| EXTRACTED DATA |
==*==
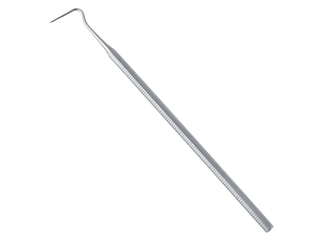 Tato klasická oboustranná sonda typu fig. 16 s rigidními hroty je navržena pro precizní taktilní kontrolu při zubním vyšetření. Vhodná k detekci kazivých lézí, okrajů výplní i plakem pokrytých oblastí.
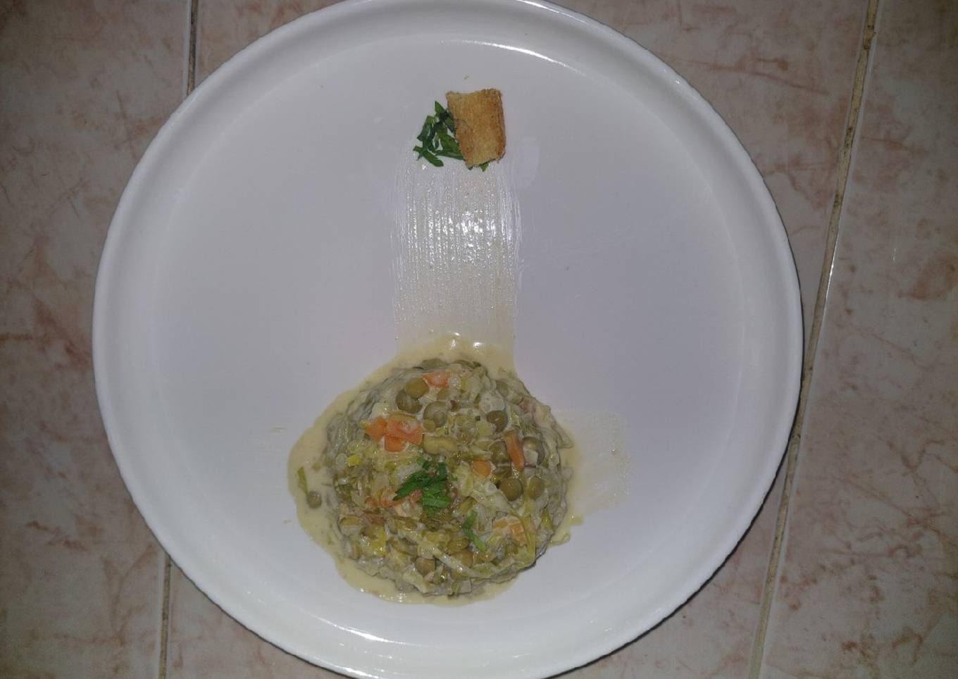 - Cortar los vegetales en brunoise y sofreír en mantequilla hasta que suden a temperatura baja.
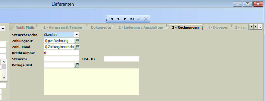 Hier werden die rechnungsrelevanten Daten zum Lieferant hinterlegt, wie Steuerberechnung, Steuernummer, Zahlungsart, Zahlungskonditionen, UST-ID und Bezugsbedingungen
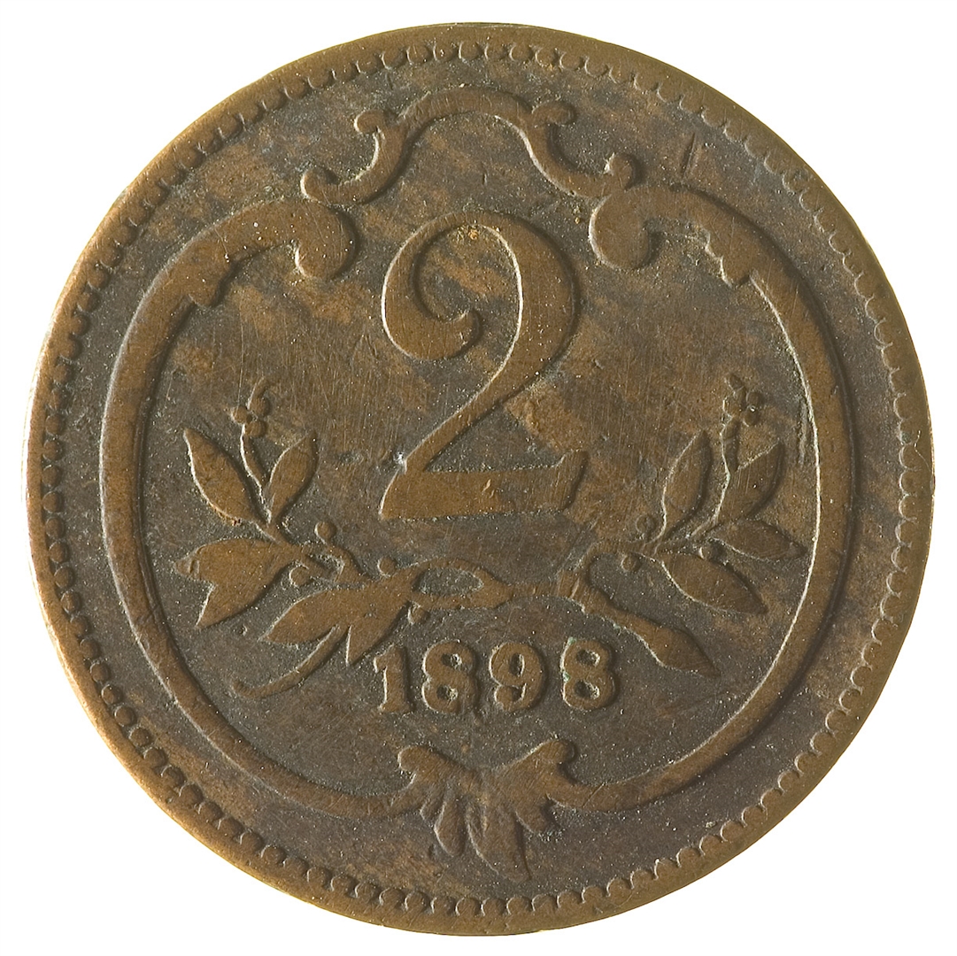 Revers: U gornjem djelu ovalnog okvira broj 2. Ispod njega maslinova grančica i godina kovanja 1898.
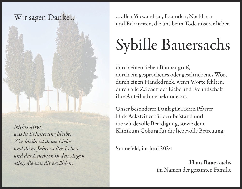 Hier finden Sie alle Traueranzeigen aus der Zeitung, die bisher für Sybille Bauersachs erschienen sind. Weitere Traueranzeigen, die in der Zeitung erscheinen, werden hier ebenfalls aufgelistet
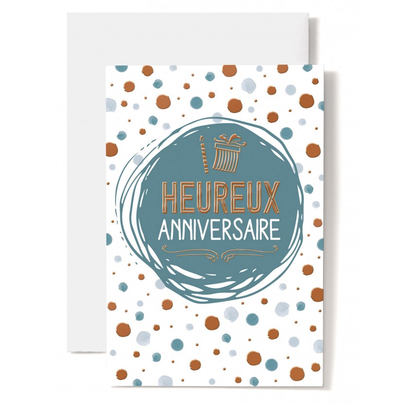 Jolie carte double grand format "Heureux Anniversaire" avec rond vert dessiné sur fond de...
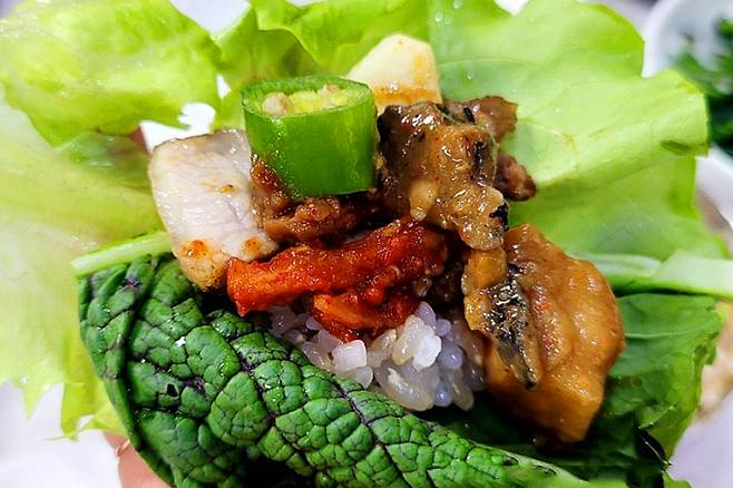 이곳은 이름에서 알 수 있듯이 쌈채소가 데쳐서 나와 쌈채소의 식감을 더욱 부드럽게 먹을 수 있답니다. 데침쌈 종류는 5가지 종류이고 여러가지 데침 쌈을 굴쌈장, 젓갈, 장아찌와 함께 먹는 건강식이에요!
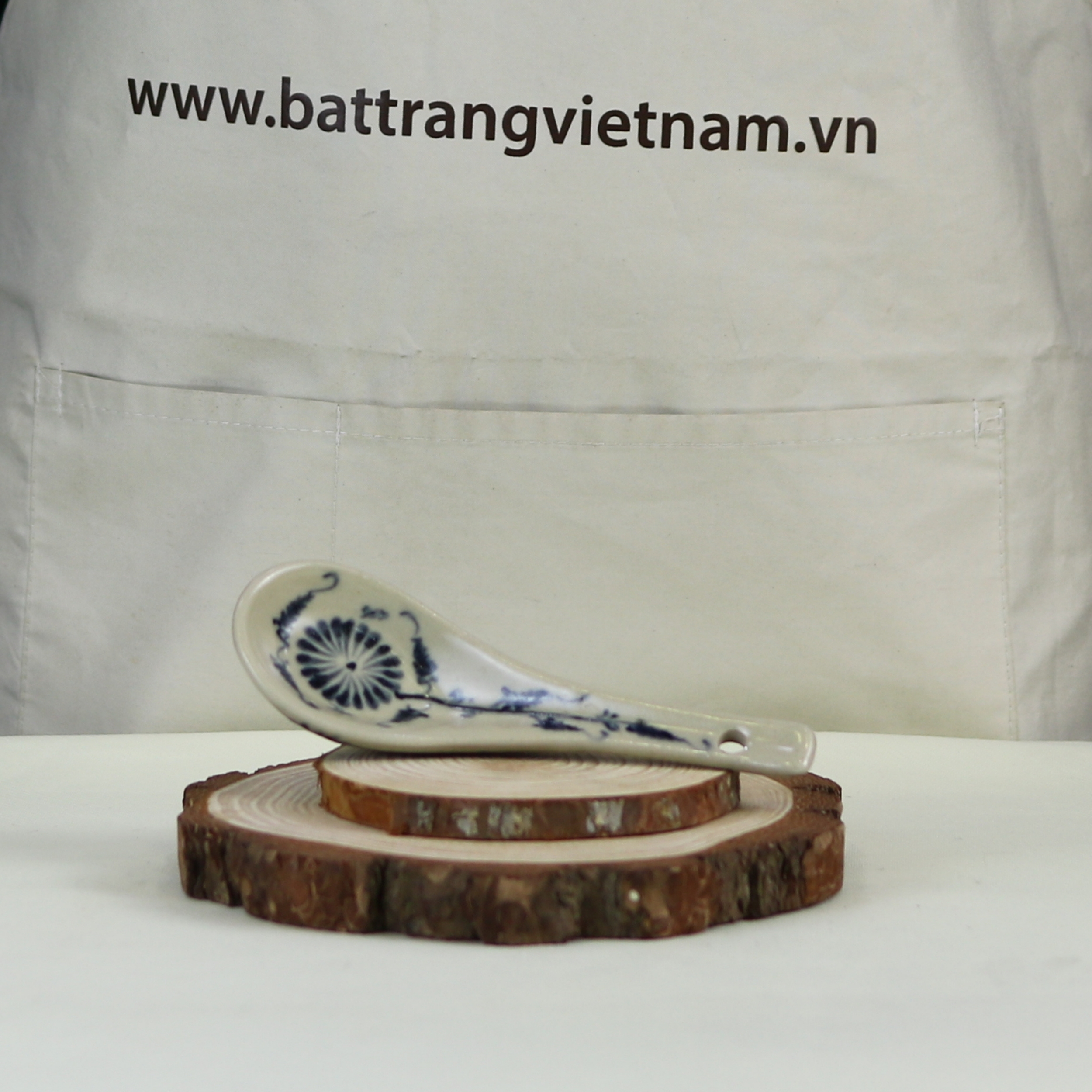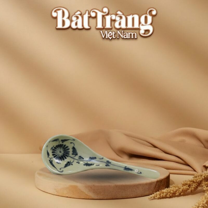 Mỗi chiếc thìa từ Gốm Bát Tràng Việt Nam đều là minh chứng cho tài hoa của người nghệ nhân. Họa tiết hoa cúc/mẫu đơn và lá uốn lượn được vẽ thủ công tỉ mỉ bằng men lam truyền thống trên nền men ngọc xanh nhạt, tạo nên một tác phẩm nghệ thuật sống động và đầy chiều sâu. Sự tinh xảo trong từng đường nét không chỉ tôn vinh vẻ đẹp tự nhiên mà còn mang đến cảm giác bình yên, thư thái trong mỗi bữa ăn.
==*==
| PROBLEM TO SOLVE |
Your answer should consist of the lines above between those holding "- Cortar los" and "Hier werden die", inclusive, reproduced word for word and without pictures.

| TASK OUTPUT |
 - Cortar los vegetales en brunoise y sofreír en mantequilla hasta que suden a temperatura baja.
 Hier werden die rechnungsrelevanten Daten zum Lieferant hinterlegt, wie Steuerberechnung, Steuernummer, Zahlungsart, Zahlungskonditionen, UST-ID und Bezugsbedingungen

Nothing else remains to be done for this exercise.